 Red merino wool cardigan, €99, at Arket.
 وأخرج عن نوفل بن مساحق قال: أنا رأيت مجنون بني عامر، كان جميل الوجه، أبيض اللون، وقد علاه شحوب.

-------

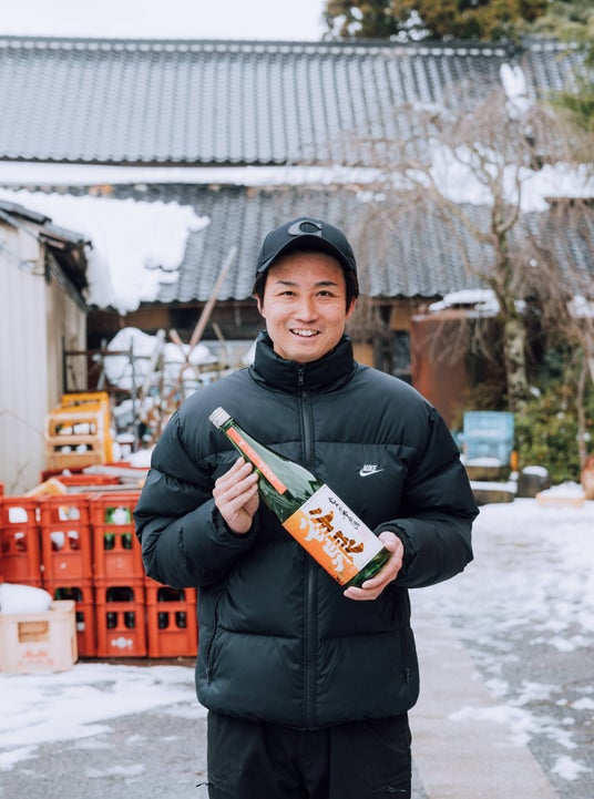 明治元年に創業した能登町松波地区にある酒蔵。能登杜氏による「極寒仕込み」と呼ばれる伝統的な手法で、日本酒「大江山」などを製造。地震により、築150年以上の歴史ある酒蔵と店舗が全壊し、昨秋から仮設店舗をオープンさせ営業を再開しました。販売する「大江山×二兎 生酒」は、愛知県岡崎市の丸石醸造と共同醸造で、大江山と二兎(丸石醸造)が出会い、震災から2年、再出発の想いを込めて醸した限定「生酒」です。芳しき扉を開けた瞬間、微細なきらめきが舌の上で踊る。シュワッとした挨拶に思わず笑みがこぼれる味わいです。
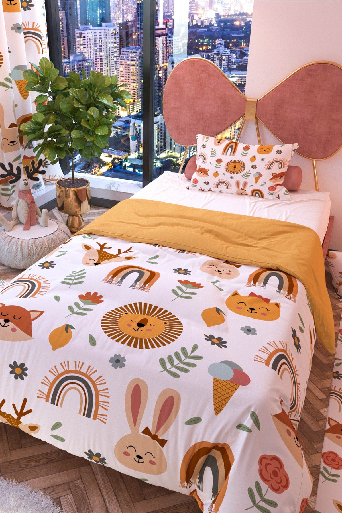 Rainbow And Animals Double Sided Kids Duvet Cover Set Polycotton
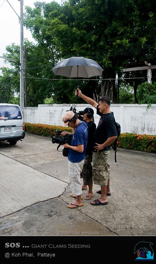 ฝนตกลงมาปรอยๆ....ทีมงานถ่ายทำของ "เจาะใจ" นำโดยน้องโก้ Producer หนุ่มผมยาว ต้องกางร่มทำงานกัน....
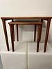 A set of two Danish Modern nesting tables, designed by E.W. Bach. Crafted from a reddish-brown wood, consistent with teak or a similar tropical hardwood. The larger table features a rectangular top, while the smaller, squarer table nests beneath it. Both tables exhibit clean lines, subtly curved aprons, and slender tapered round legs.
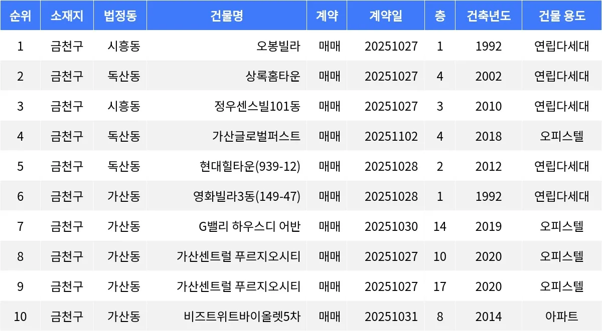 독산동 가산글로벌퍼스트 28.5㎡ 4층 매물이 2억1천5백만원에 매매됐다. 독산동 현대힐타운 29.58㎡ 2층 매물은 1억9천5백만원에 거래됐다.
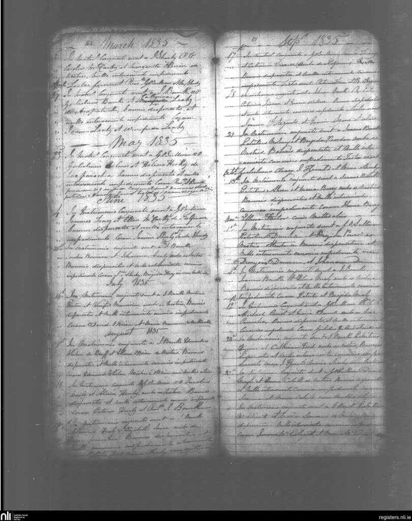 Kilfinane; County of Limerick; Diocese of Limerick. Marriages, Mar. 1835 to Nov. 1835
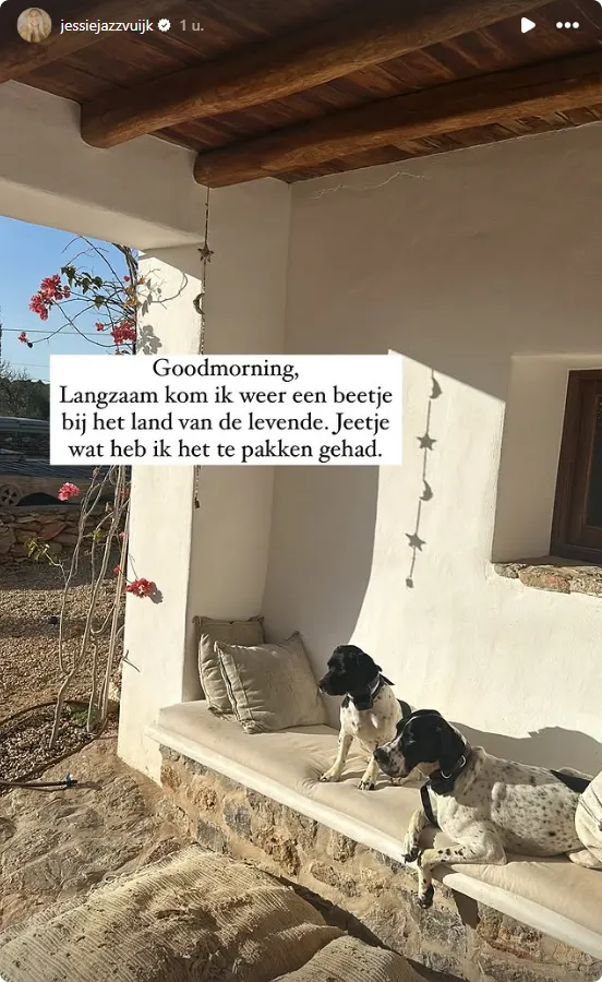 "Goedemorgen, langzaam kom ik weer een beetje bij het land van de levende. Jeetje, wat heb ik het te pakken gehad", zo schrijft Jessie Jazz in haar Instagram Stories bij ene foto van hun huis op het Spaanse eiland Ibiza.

-------

--- PROBLEM DESCRIPTION ---
Going by the entries above, repeat exactly the lines that start at the line with "明治元年に創業した能登町松波" and go on through the line with "Spaanse eiland Ibiza.". Pictures are not part of the copy.

--- ANSWER TO THIS EXERCISE ---
 明治元年に創業した能登町松波地区にある酒蔵。能登杜氏による「極寒仕込み」と呼ばれる伝統的な手法で、日本酒「大江山」などを製造。地震により、築150年以上の歴史ある酒蔵と店舗が全壊し、昨秋から仮設店舗をオープンさせ営業を再開しました。販売する「大江山×二兎 生酒」は、愛知県岡崎市の丸石醸造と共同醸造で、大江山と二兎(丸石醸造)が出会い、震災から2年、再出発の想いを込めて醸した限定「生酒」です。芳しき扉を開けた瞬間、微細なきらめきが舌の上で踊る。シュワッとした挨拶に思わず笑みがこぼれる味わいです。
 Rainbow And Animals Double Sided Kids Duvet Cover Set Polycotton
 ฝนตกลงมาปรอยๆ....ทีมงานถ่ายทำของ "เจาะใจ" นำโดยน้องโก้ Producer หนุ่มผมยาว ต้องกางร่มทำงานกัน....
 A set of two Danish Modern nesting tables, designed by E.W. Bach. Crafted from a reddish-brown wood, consistent with teak or a similar tropical hardwood. The larger table features a rectangular top, while the smaller, squarer table nests beneath it. Both tables exhibit clean lines, subtly curved aprons, and slender tapered round legs.
 독산동 가산글로벌퍼스트 28.5㎡ 4층 매물이 2억1천5백만원에 매매됐다. 독산동 현대힐타운 29.58㎡ 2층 매물은 1억9천5백만원에 거래됐다.
 Kilfinane; County of Limerick; Diocese of Limerick. Marriages, Mar. 1835 to Nov. 1835
 "Goedemorgen, langzaam kom ik weer een beetje bij het land van de levende. Jeetje, wat heb ik het te pakken gehad", zo schrijft Jessie Jazz in haar Instagram Stories bij ene foto van hun huis op het Spaanse eiland Ibiza.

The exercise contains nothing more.